The Republican parties of the Bay Area are dead. This sentiment is hardly Nietzschean or hyperbolic; the Democratic Party has truly culminated its monopolization of all echelons of government in San Francisco and its surrounding regions. While the East Bay clings onto vestigial Republican support in scattered precincts, any semblance of red in traditional areas of Republican strength has evaporated. It is fueled by the modern Republican Party’s lurch to the social right, hastened by the Democratic Party’s warm embrace of growing minority populations in the region, and accelerated by President Trump’s rapid alienation of white, college-educated suburbanites. The final nail in the GOP’s coffin manifested in 2018 when Bay Area Assemblywoman Catharine Baker, a socially liberal Republican who strayed from the party on most issues, was swept away regardless in the national “blue tsunami” that evidently metastasized on the state and local levels.

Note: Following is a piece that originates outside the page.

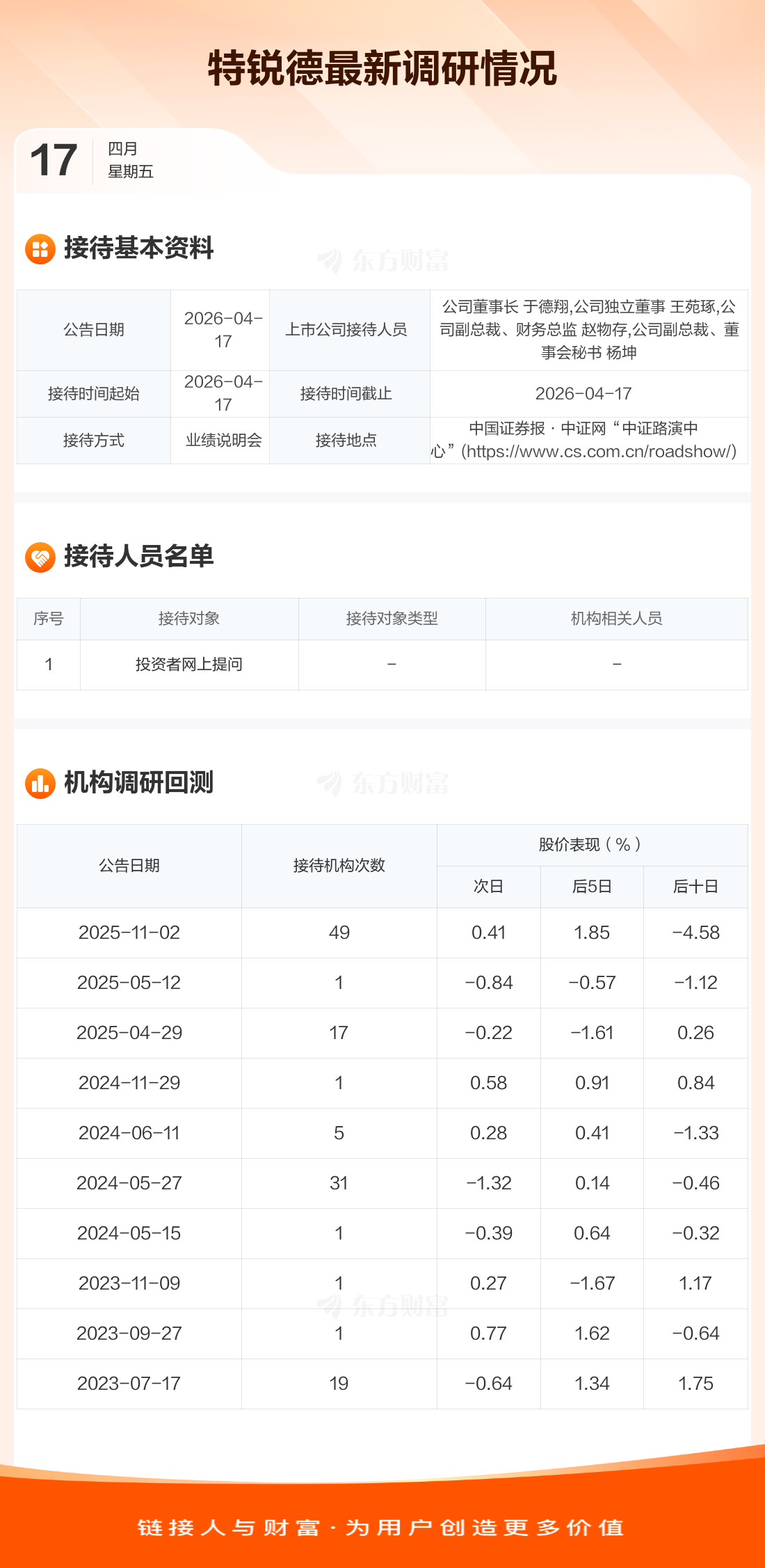 特锐德4月17日公告称,4月17日接待投资者网上提问调研。接待人员包括公司董事长 于德翔,公司独立董事 王苑琢,公司副总裁、财务总监 赵物存,公司副总裁、董事会秘书 杨坤。

Though pundits aim the spotlight at Reagan’s Orange County, where all congressional Republicans, good and bad, died at the hands of liberal insurgents, the GOP nevertheless won 4 of the county’s 7 congressional districts in the 2018 gubernatorial race. The Republican Party has long bemoaned the political and demographic changes that transformed their stalwart “orange curtain” into a prime Democratic target. But their efforts in Orange County are merely patchwork to mask gaping scars that persist elsewhere – particularly in the Bay Area. Any Republican success on the statewide level, dating back as recently as 2006 with victories in the gubernatorial and several row office races, has rested upon a strong showing in the Bay Area counties.
Despite national backlash against the unpopular policies of President Bush, actor-turned-Governor Arnold Schwarzenegger breezed to a comfortable 17-point reelection win in 2006. That included wide margins in Santa Clara (home to Silicon Valley) and Contra Costa counties, as well as a strong showing in the otherwise solidly-Democratic counties of San Mateo and Marin.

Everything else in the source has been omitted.